(Exercise inputs)
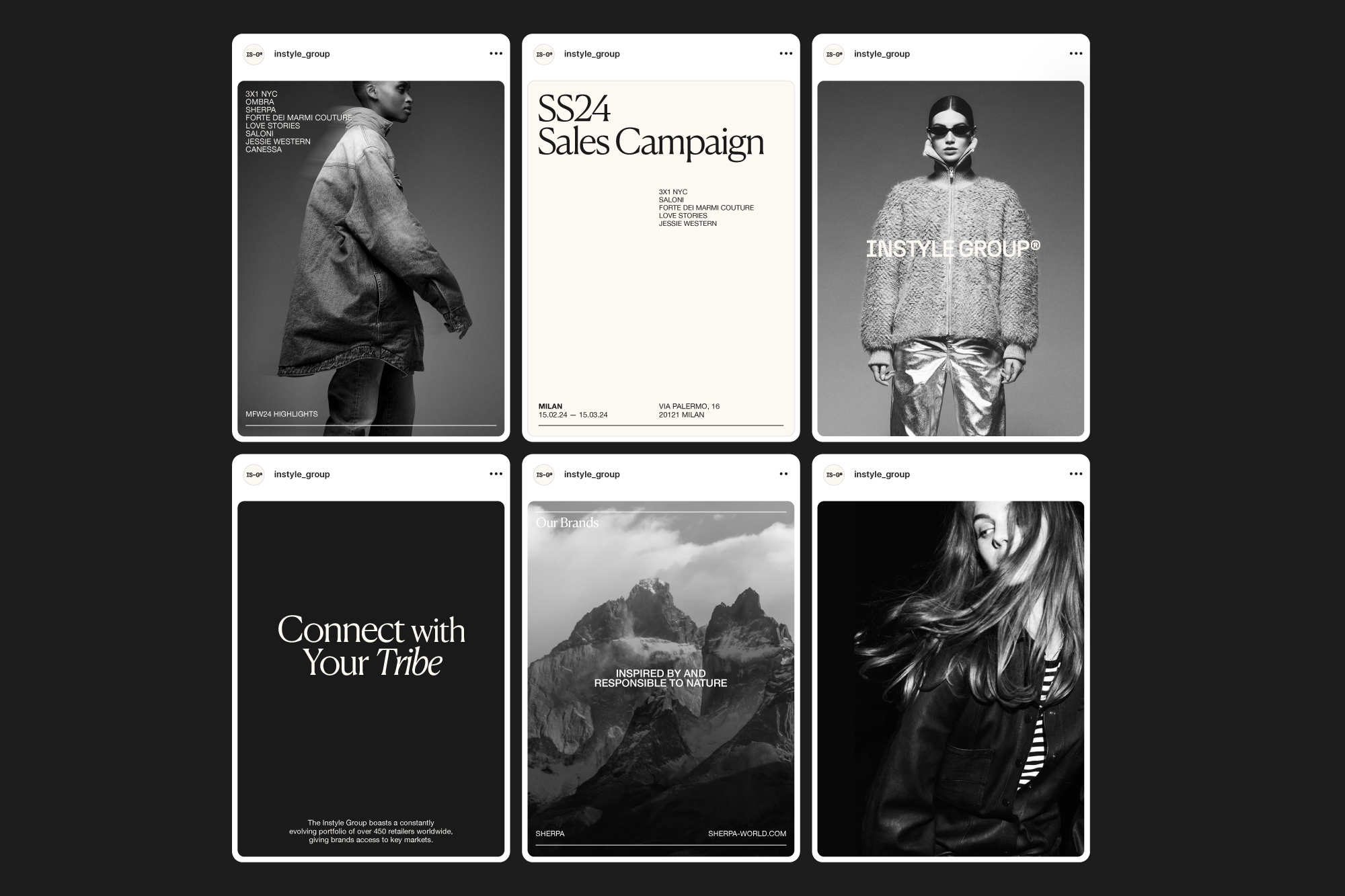 The Instyle Group is an Italian high-contemporary fashion production and distribution company. Expanding from a fashion showroom, the newly established group is touted as a one-stop-shop for fashion brands: from production to distribution and from showroom to marketing communication. As a fashion group, the visual identity for Instyle Group needed to be visually neutral and at the same time, able to represent its unique brands.
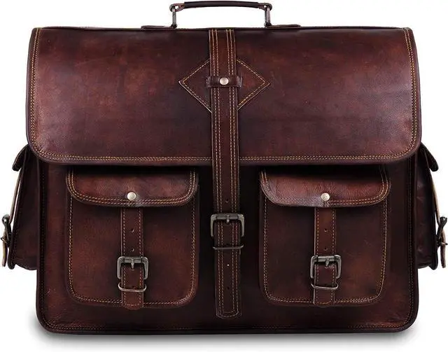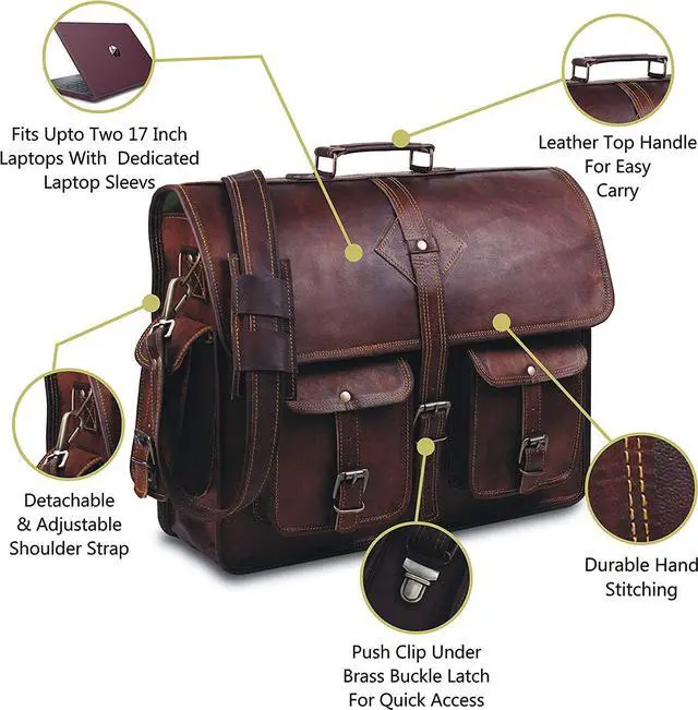 Hide) Protection: Laptop padding to keep laptop safe. Unisex leather laptop bag messenger bag satchel in dark brown. product have leather smell but its purely leather not bad smell when you use it it will be removed
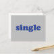 Blaue Buchstaben "Single", graue Postkarte
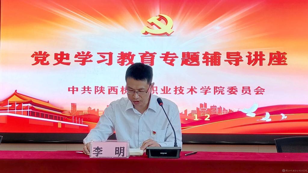 5月12日下午,陜西機(jī)電職業(yè)技術(shù)學(xué)院開展黨史學(xué)習(xí)教育專題講座。特邀寶雞市委黨校楊娟珍副教授為全校黨員作題為《來之不易的選擇——從社會主義建設(shè)史看道路自信》的講座。黨委宣傳部部長、黨史學(xué)習(xí)教育領(lǐng)導(dǎo)小組辦公室主任李明主持。
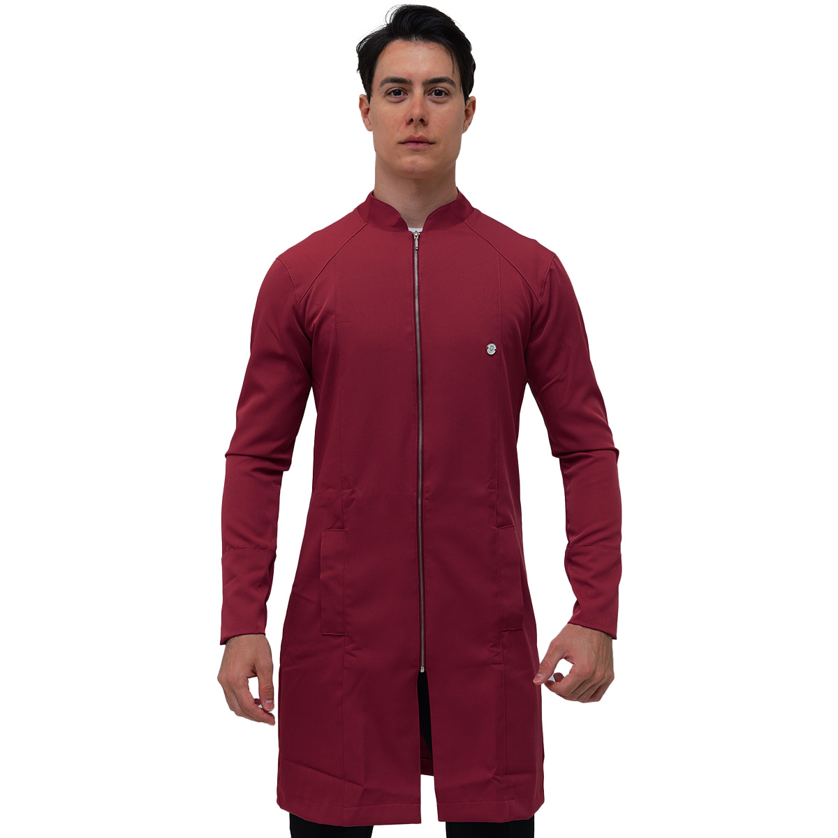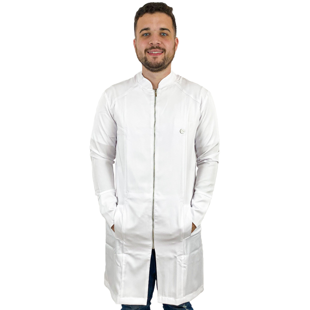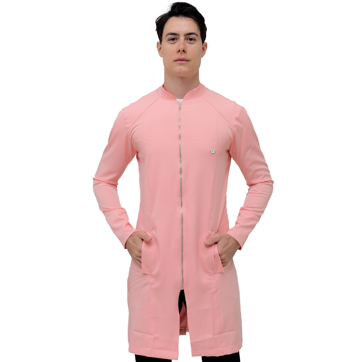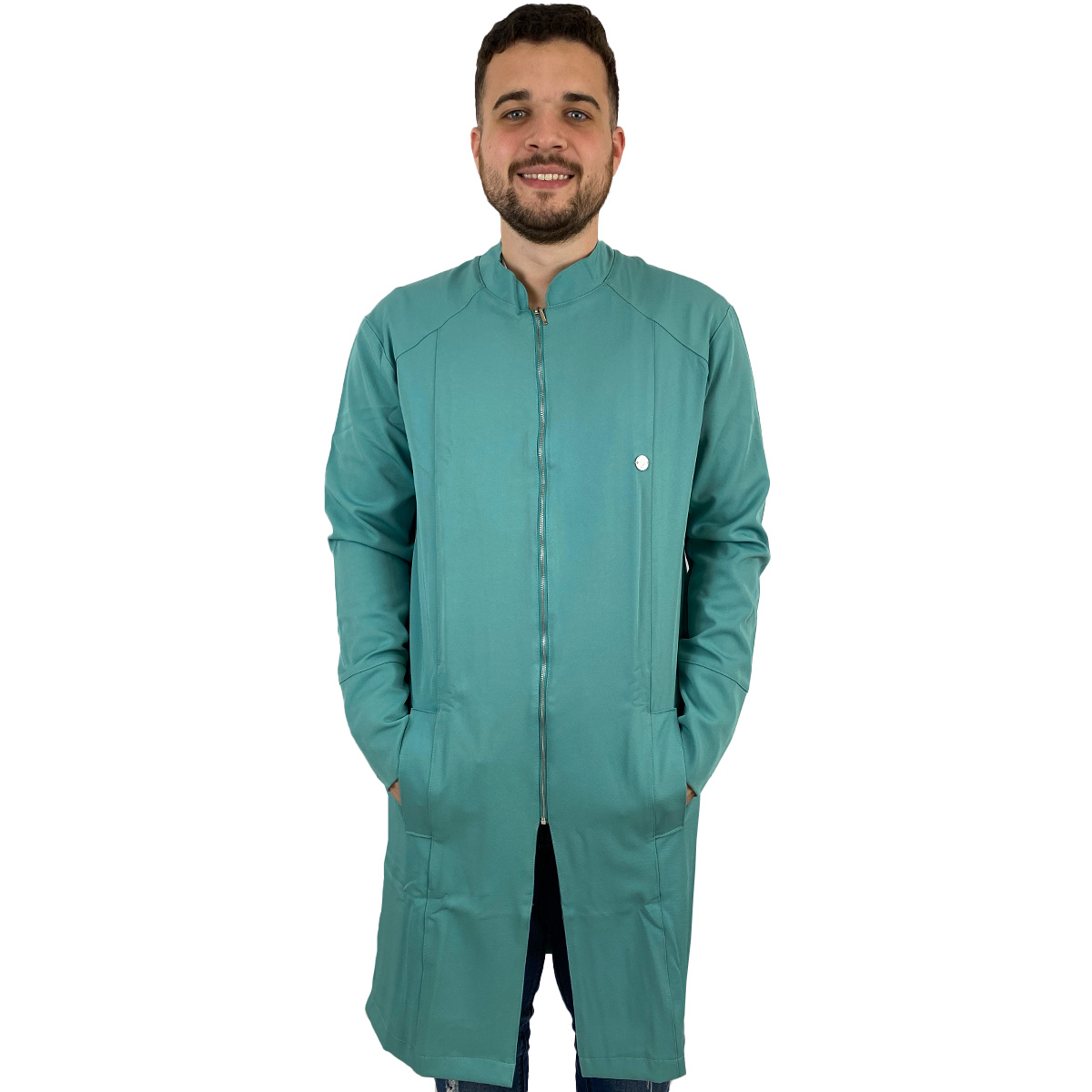Jaleco Masculino Slim Recortes com Gola Padre, Manga Longa, Punho do próprio tecido, bolsos laterais embutidos, detalhe em recortes (costura), modelo mais comprido e fechamento em Zíper de metal prata.
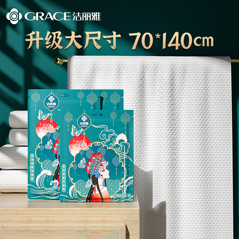 天猫10条洁丽雅一次性浴巾毛巾压缩旅行用品单独包装加大加厚酒店便携
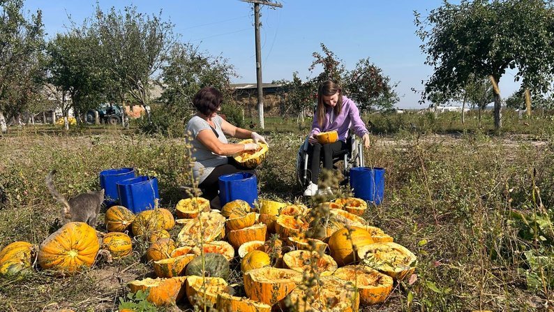 «Вони це теж люблять і під’їдають добре, так що воно у нас не пропадає. Процес вибирання гарбузів довгий, триває до самої зими, навіть буває, що до самого Нового року», – каже господиня.
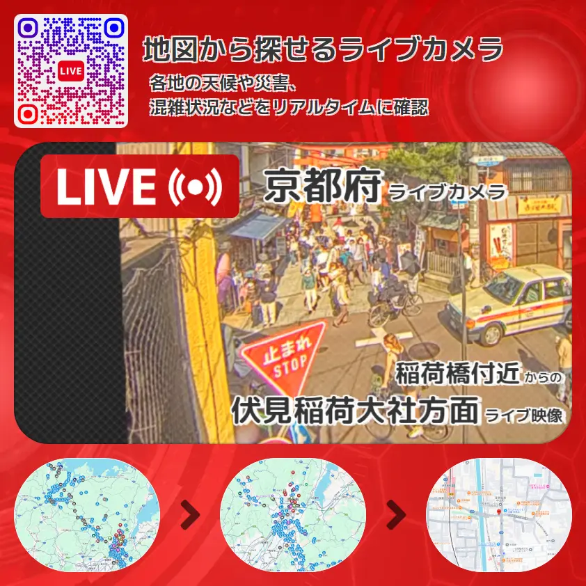 伏見稲荷大社方面の他に、鳥居や周辺の気象状況も併せてチェックすることが可能で、台風・大雨・地震などの災害による被害状況も把握することができます。
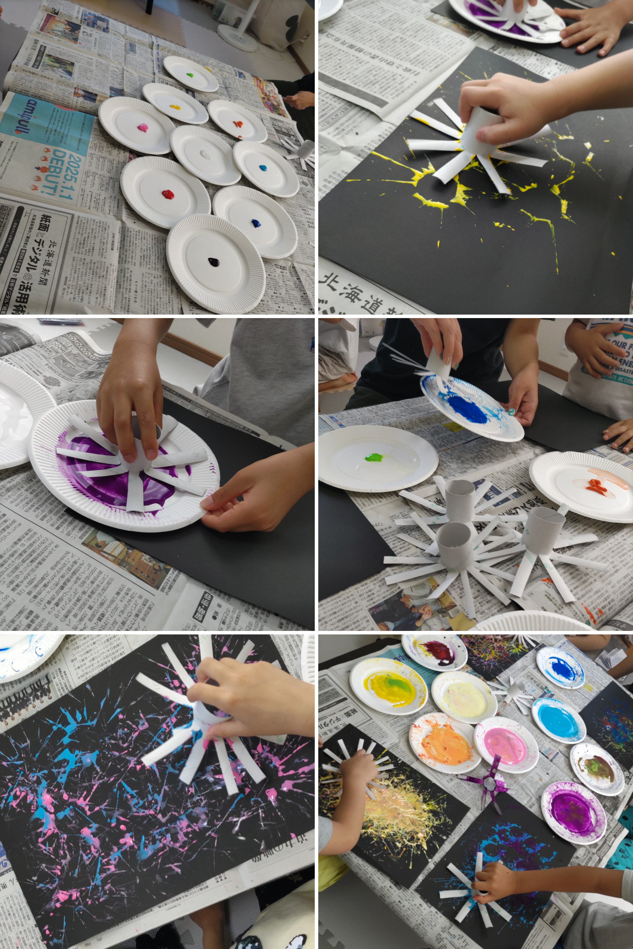 トイレットペーパの芯を再利用し好きな色の絵の具をつけてペタッ!
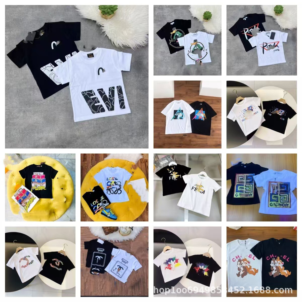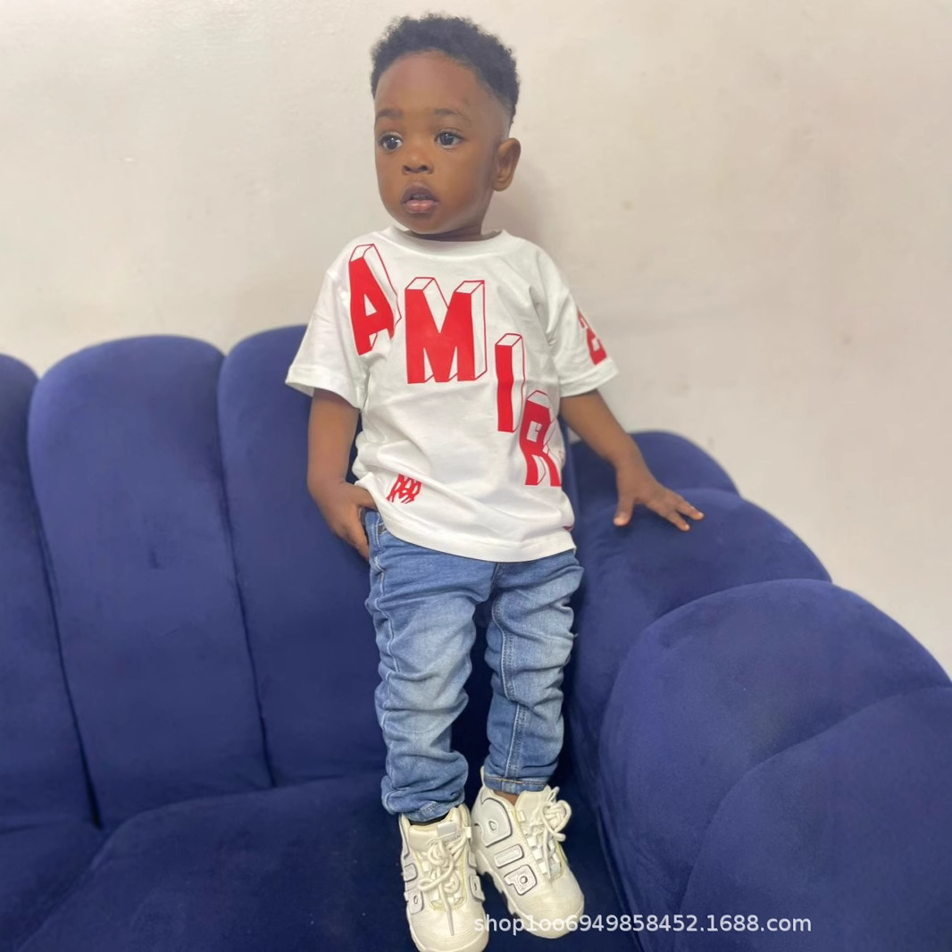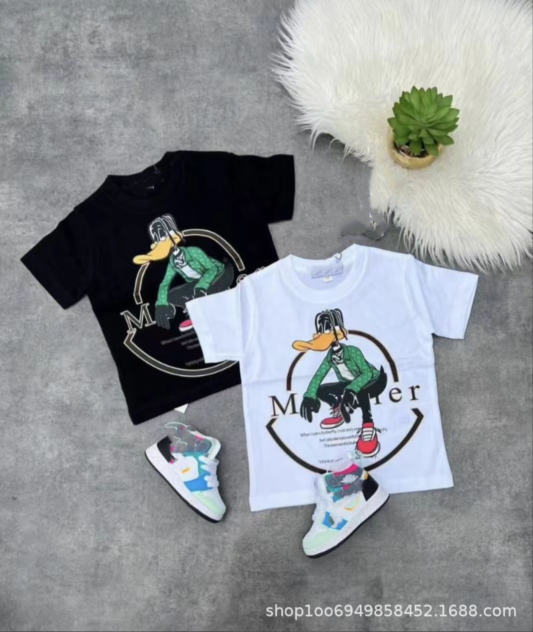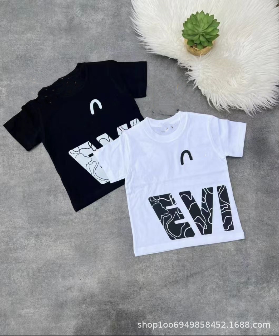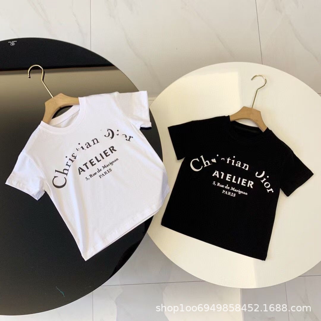 240g 더블 원사 두꺼운 어린이 어깨 짧은 소매 신장이 클래스 A 어린이 티셔츠 파리 구지아 패션 브랜드 인쇄
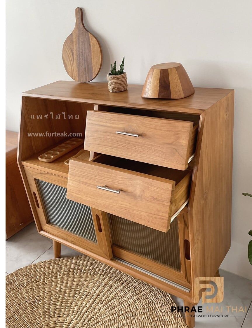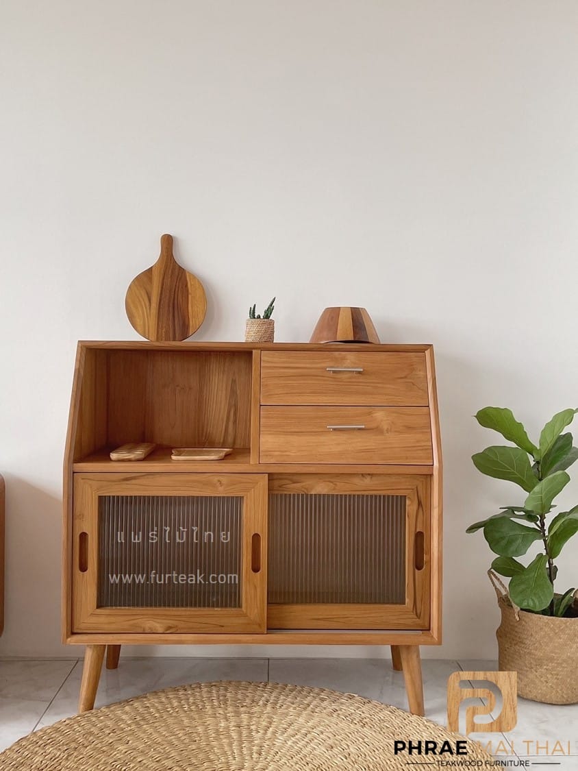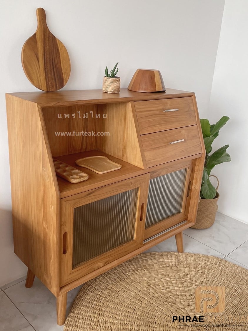 ตู้วางของเอนกประสงค์ ขาลอย เป็นไม้สักทองอบแห้ง รูปทรงทันสมัย เหมาะสำหรับลูกค้าที่ต้องการตู้เก็บของ หรือใส่อุปกรณ์ต่างๆ ซึ่งคุณสมบัติของไม้เป็นไม้เนื้อแข็งอายุตั้งแต่ 30-50 ปีขึ้นไป เราเลือกใช้ไม้สักที่มีคุณภาพและใช้กระบวนการอบไม้ จึงทำให้ไม้มีการคงสภาพ ความชื้นน้อย และโอกาสไม้หดตัวน้อยมาก
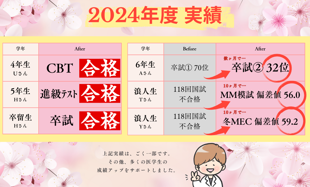 現役臨床医であり、大手医師国家試験予備校講師として100人以上を指導。医学生の悩みを“経験者の視点”で理解し支援を行います。
(End Exercise inputs)
Your task:
Please reproduce the records above exactly, omitting every picture.

Response to this exercise:
 The Instyle Group is an Italian high-contemporary fashion production and distribution company. Expanding from a fashion showroom, the newly established group is touted as a one-stop-shop for fashion brands: from production to distribution and from showroom to marketing communication. As a fashion group, the visual identity for Instyle Group needed to be visually neutral and at the same time, able to represent its unique brands.
 Hide) Protection: Laptop padding to keep laptop safe. Unisex leather laptop bag messenger bag satchel in dark brown. product have leather smell but its purely leather not bad smell when you use it it will be removed
 Blaue Buchstaben "Single", graue Postkarte
 5月12日下午,陜西機(jī)電職業(yè)技術(shù)學(xué)院開展黨史學(xué)習(xí)教育專題講座。特邀寶雞市委黨校楊娟珍副教授為全校黨員作題為《來之不易的選擇——從社會主義建設(shè)史看道路自信》的講座。黨委宣傳部部長、黨史學(xué)習(xí)教育領(lǐng)導(dǎo)小組辦公室主任李明主持。
Jaleco Masculino Slim Recortes com Gola Padre, Manga Longa, Punho do próprio tecido, bolsos laterais embutidos, detalhe em recortes (costura), modelo mais comprido e fechamento em Zíper de metal prata.
 天猫10条洁丽雅一次性浴巾毛巾压缩旅行用品单独包装加大加厚酒店便携
 «Вони це теж люблять і під’їдають добре, так що воно у нас не пропадає. Процес вибирання гарбузів довгий, триває до самої зими, навіть буває, що до самого Нового року», – каже господиня.
 伏見稲荷大社方面の他に、鳥居や周辺の気象状況も併せてチェックすることが可能で、台風・大雨・地震などの災害による被害状況も把握することができます。
 トイレットペーパの芯を再利用し好きな色の絵の具をつけてペタッ!
 240g 더블 원사 두꺼운 어린이 어깨 짧은 소매 신장이 클래스 A 어린이 티셔츠 파리 구지아 패션 브랜드 인쇄
 ตู้วางของเอนกประสงค์ ขาลอย เป็นไม้สักทองอบแห้ง รูปทรงทันสมัย เหมาะสำหรับลูกค้าที่ต้องการตู้เก็บของ หรือใส่อุปกรณ์ต่างๆ ซึ่งคุณสมบัติของไม้เป็นไม้เนื้อแข็งอายุตั้งแต่ 30-50 ปีขึ้นไป เราเลือกใช้ไม้สักที่มีคุณภาพและใช้กระบวนการอบไม้ จึงทำให้ไม้มีการคงสภาพ ความชื้นน้อย และโอกาสไม้หดตัวน้อยมาก
 現役臨床医であり、大手医師国家試験予備校講師として100人以上を指導。医学生の悩みを“経験者の視点”で理解し支援を行います。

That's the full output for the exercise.